Я начала рассказывать, подробно и добросовестно, поощренная похвалой.
— И Люда все время была возле тебя?
— Да. Она теперь по-другому завязывает «конский хвост»!
— А ты все собирала и собирала пену?
— Знаешь мама, ее так много получается при варке свинины. Гораздо больше, чем от курятины.
— Да? А может, то была не только пена?
— Пена! — заверила я. — Такая густая, коричневая и образовывалась большими хлопьями, как ты и предупреждала.
— Куда, говоришь, ты ее собирала?
— Да вот, — показала я на миску, стоящую под диваном. — Приготовила для Барсика.
В миске темнела масса так и не осевшей пены.
— Странно, — протянула я озадаченным тоном. — Эта пена еще и оседает хуже, чем куриная.
Родители дружно взорвались смехом. Они смеялись долго и раскатисто, а я чинно сидела и ждала разъяснений. В их смехе не было ничего обидного для меня, я чувствовала это. Просто, им было легко и беззаботно, и еще им понравилось приключение с моим супом.
Ковырнув содержимое миски ложкой, я обнаружила там недостающую в супе фасоль.
— Как же так получилось? — захлопала я мнимыми ресницами.

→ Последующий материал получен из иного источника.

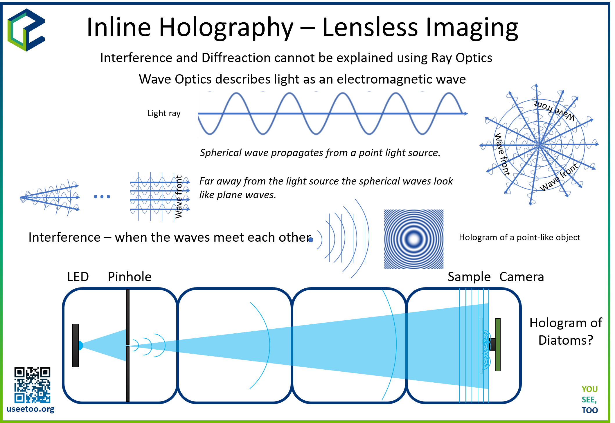 In this workshop, we will construct an inline holographic microscope using the UC2 modular microscope toolbox. Inline holography is a lensless imaging technique that uses coherent light interference to capture and reconstruct 3D images of transparent samples. This experiment demonstrates fundamental principles of wave optics, Fresnel diffraction, and digital image reconstruction while providing hands-on experience with modern computational imaging techniques.

— Пена! — смеялась мама. — Ой, умру...
— Пена? — переспросила я.
— Я забыла сказать тебе, что фасоль при вскипании поднимается на поверхность, в отличие от других овощей.
— Но она же была...
— ...темной? Это потому что фасоль цветная, коричневая, — все еще содрогаясь от смеха, сказала мама.
Конечно, я рассказала о своем супе Людмиле.
— Суп имени Марио Ланца, — вдохновенно произнесла она. — Неплохо звучит, да?
Однажды я тоже всласть посмеялась над Людмилой. Только это уже другая история.
***
Однажды я тоже всласть посмеялась над Людмилой.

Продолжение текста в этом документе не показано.